Selon une étude de la Rabobank, institution financière néerlandaise, le marché mondial des protéines d’insectes destinées à l’alimentation animale devrait atteindre 500 000 tonnes d’ici 2030 (dont 40% pour l’aquaculture), contre 10 000 tonnes aujourd’hui. A destination de l’alimentation humaine en revanche, le marché européen se développe beaucoup plus lentement. Ceci en raison de réticences culturelles, mais aussi car la loi freine le développement. Les insectes sont considérés comme de nouveaux aliments et doivent obtenir une autorisation de mise sur le marché. Ce qui n’empêche pas certaines entreprises d’en proposer à leurs clients. Le cas de Micronutris à Toulouse qui produit des gâteaux apéritifs, des barres énergétiques ou des pâtes à base de grillons et de coléoptères.


Un marché très règlementé

Sur ce marché européen très règlementé, l’International Platform of Insects for Food and Feed Association (IPIFF), le lobby des insectes comestibles à Bruxelles, tente de peser pour ouvrir de nouveaux marchés et se réjouit de plusieurs avancées significatives ces derniers mois. Les protéines d’insectes autorisées dans l’alimentation des poissons d’élevage depuis le 1 juillet 2017 le sont ainsi désormais depuis le 7 septembre 2021 dans l’alimentation des porcs et des volailles.

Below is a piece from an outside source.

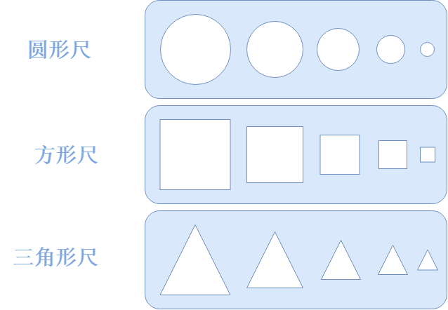 对于具体的尺子类,我们暂且忽略其大小,一种形状就对应一个类,分别是方形、三角形、还有圆形,它们统统实现尺子的规则接口。

« Pour l’alimentation humaine, la réglementation telle qu’elle existe aujourd’hui n’est pas complètement adaptée aux spécificités de notre filière. On appuie les producteurs d’aliments à base d’insectes dans le dépôt de dossiers de demande d’autorisation « novel food » auprès de la Commission européenne, pour démontrer l’innocuité du produit à commercialiser. Notre travail consiste aussi à collaborer avec la Commission européenne afin d’adapter dans la mesure du possible les dispositions réglementaires qui existe en la matière », souligne Christophe Derrien, secrétaire générale de l’IPIFF.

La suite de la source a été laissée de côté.